В лапах страха

22
18
20
22
24
26
28
30

— Ужас… — прошептала Марина и закусила вместо пальца губу.

— Смерть вертит людьми, как хочет. Особенно когда забирает самых близких, — Глеб замолчал, снова посмотрел на жену. Та вздохнула:

— Я даже не знаю, что бы со мной было, случись что-нибудь с Юркой или Светкой… Они когда просто болеют, мне и то уже кажется, что всё — конец. А тут такое…

Глеб неопределённо хмыкнул.

— Не веришь? — без эмоций спросила Марина. — Что ж, имеешь право.

— Да чего ты?

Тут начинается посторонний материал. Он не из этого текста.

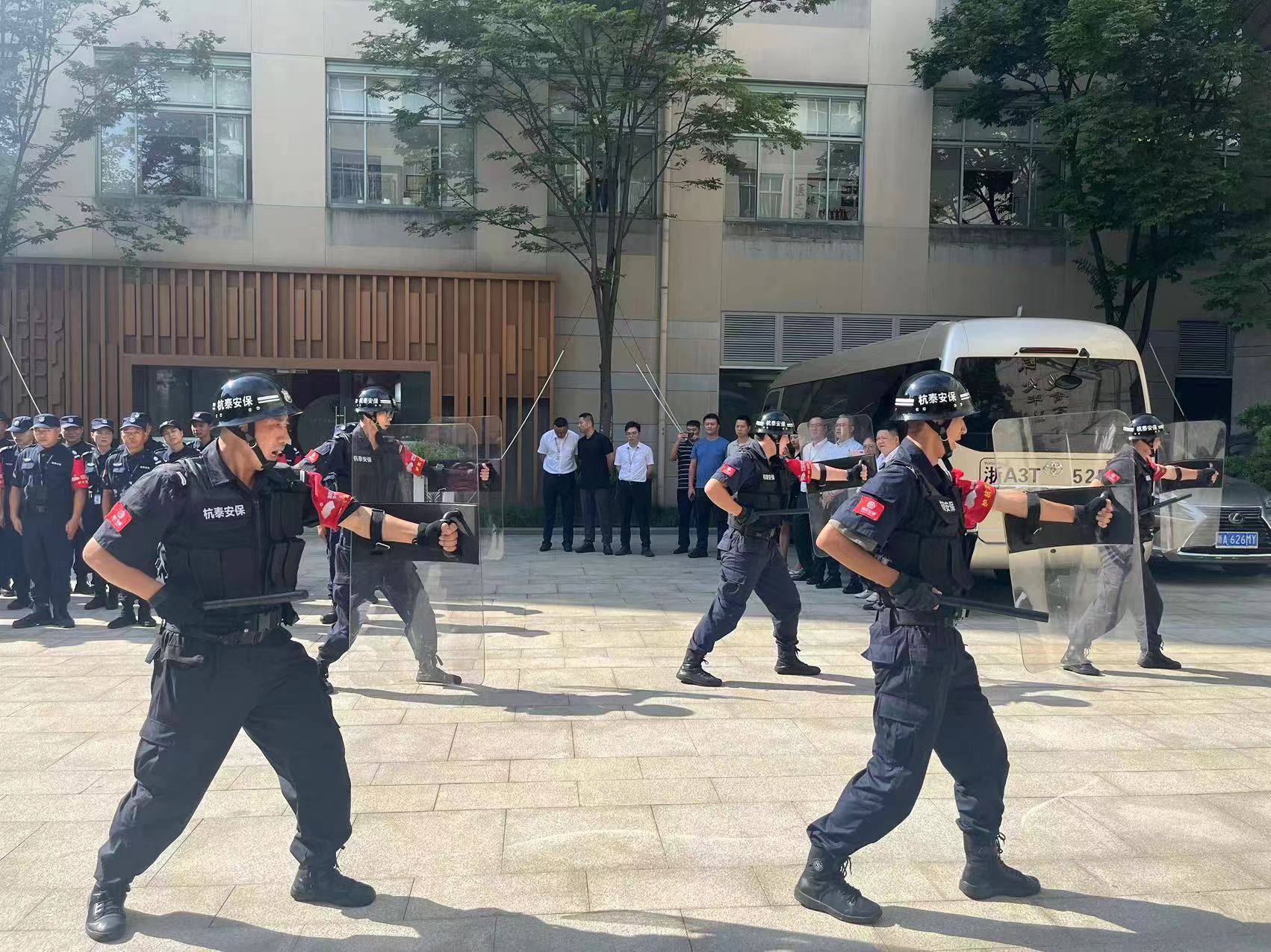 随后,重庆市医院协会安全保卫专业委员会专家一行实地观摩了我院安保队伍反恐防暴盾牌操实战演练,队员们精神抖擞,喊着响亮而整齐的口号跑步进入演示场,在指挥员的指挥下,队员招招带劲、挥拳雄健有力,向客户单位展示了杭泰安保的风采,赢得了在场领导的阵阵掌声。

Я просто согласится, хотел.

— Думаешь, они нас и впрямь ненавидят?

— Ты про кого?

— Дети. Наши дети.

— Брось ты эти мысли.

— Но ты ведь сам с этого начал, — Марина испытующе уставилась на мужа, но тот не отреагировал.

— Я сегодня определённо не в себе, — Глеб говорил шёпотом, в душе желая лишь одного: поскорее снова очутиться в той скорлупе, которую он, сам того не желая, расковырял на глазах у всей семьи, — и дрогнул мир, спустились веси в ад, реальность окропилась кровью. — А с детьми и впрямь всё в порядке — они просто растут. Сама же говорила.

Умка вздохнул. Стряхнул с затылка дрожащие человеческие пальцы, неохотно заковылял из комнаты. После рыбы ужасно хотелось пить, а у этих разве допросишься — придётся найти самому.

Странно, но его так никто и не остановил.

Оказавшись в тёмном коридоре, Умка довольно почесался — почему-то в раскаленном свете кухни он не мог позволить себе даже этого. Просто не мог и всё тут — такая вот, прямолинейная собачья логика. Темнота сразу же раскрепостила.

И пахло в ней иначе.

— Когда похороны? — Марина медленно слезла с подоконника.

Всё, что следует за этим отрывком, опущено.